Partitioning Your Hard Drive, and Completing Installation of Linux
(Just a note of explanation. The reason I’ve skipped so many weeks in this continuing series is because of my Dad’s illness, death and the funeral. All events which are very time-absorbing. I now need to find myself a new home and wrap things up here, but I am trying to get back to my usual work schedule too).
In our last lesson at the beginning of February we had just put the Linux installation boot disk into the computer and it was beginning to whirl and hum industriously. No doubt you’ve had your eyes straight on the screen, watching all the new things flash by. But suddenly it stops and it wants to know which way you are going to proceed. After a few installations you won’t hesitate, but the first time around it helps if someone explains the options.
1. Do you want to erase everything on the hard drive and install on a clean disk?
2. Do you want to leave what you have (i.e. your Other operating system) and squeeze this system in on the blank sections?
3. Do you want to manually partition your hard drive so you only touch certain areas?
There may be more, but those are the main ones. They may be worded more intuitively too, depending on the particular linux system you are installing.
Unless you know you want only this Linux system on this particular computer, or you know you have lots of gigabytes of space beyond what your other system is using, I suggest you bite the bullet and try the partitioning step. At the very least it will introduce you to things linux in a hurry.
I made some mistakes, but I’m permanently wiser for it.
For the moment, let’s pretend you have a 10 GB hard drive. Check how much RAM you have. (That the amount of memory that indicates how much your computer can hold in it’s present-tense memory at any given moment). If that’s 256 MB, you want to create about 500 MB of a SWAP partition. This allows your Linux system to grab extra memory in an emergency. Saves on or prevents crashes!
So you indicate that on the partitioning tool. Assign 500 MB of space for SWAP.
For the boot area, shown with just a / you can assign 1.2 GB. That’s were all your start-up programs get to live.
Let’s give the /usr area 3.5 GB. That’s where you’ll install the programs you want to run, but which don’t have to all come to life on boot up.
That leaves 5 GB for the /home area which is where all the new files, graphics, documents, or whatever you create will be stored.
You’ll notice that the system calls the sections you’ve assigned by names like /dev/hda2 and so forth. Windows calls the drive sections names like C:/ or D:/ and so forth. Linux has this other naming convention. We catch on after a bit.
Before we can proceed we must initialize each of the partitions now. There will be warnings that to proceed means you are wiping anything off that currently resides on those sections. If it happens that you decided to leave Windows in place, you will have seen it’s partitions clearly marked, and of course, you do not initialize them now. That would be wiping your Windows OFF the hard drive! But Linux does need to initialize the partitions it will be living in, so it can call them it’s own.
You followed the directions? You didn’t leave any of the partitions out?
Good. Then we can move on. Now things will go faster.

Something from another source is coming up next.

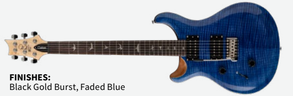
FINISHES: Black Gold Burst, Faded Blue

Maple top with flame maple veneer, shallow violin carve, mahogany back, 25" scale length, 24 fret maple neck, rosewood fretboard, bird inlays, PRS patented molded tremolo, 85/15 "S" treble and bass pickups, volume & push/pull tone controls with 3-way blade pickup switch, PRS-Designed tuners, nickel hardware, gig bag • Neck profile: wide thin
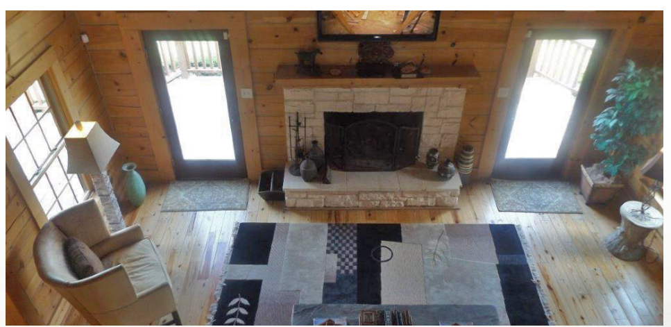
The information herein was obtained from sources deemed reliable; however, DH Realty Partners, Inc. makes no guarantees, warranties, or representations as to the completeness of accuracy thereof. The presentation of this property is submitted subject to errors, omissions, changes of price, prior to sale or lease, or withdrawal without notice. All Floor plans, property lines, areas, and dimensions are approximate and for illustration purposes only. DHRP | DH Realty Partners, Inc. @2023. A Texas Corporation.

You’ll be asked a few more questions, like what to call your machine/computer. If it is going to be an online server for a registered domain, you would of course, use that, but if it’s just your home computer, call it what you like.
In some cases you are allowed to choose the modules you want included in the installation. Some of the smaller systems just go ahead and give you all that’s on the CD or DVD.
The installation starts, and whirls away. I like to click on “details” to get a clue as to what it is installing. The larger a system, such as SUSE, that you install, the longer it takes. Maybe several hours. If you are installing a small one, it may be 20 minutes or less.
At some points along the way it will pause to ask you for more information or choices.
It will likely ask you what boot system you want. There’s Grub (for geeks who understand the more complicated lingo), and LILO which is easier for beginners. However I’ve discovered that when the kernel needs to be upgraded, it’s much better to have Grub in place as it saves you some steps. Grub can be set up to make for a very nice boot sequence too. So not to worry.
You get a chance to make a rescue floppy disk, which is a wise idea, although I confess I’ve skipped it a number of times.
Towards the end, it wants to know more things like the type of monitor you have, screen resolution, what your ISP address is - so it can set up your email address for you - and whether you want to go online to get the latest updates to this system. I try to get these matters all taken care of as they come up, so that when it announces it is finished, the system is up and ready to go!
Well, when it has re-boot, and you are finally in the system, you want to poke around a bit, and find the personal settings, and fine-tune them to suit your fancy. You are NOW a Linux user!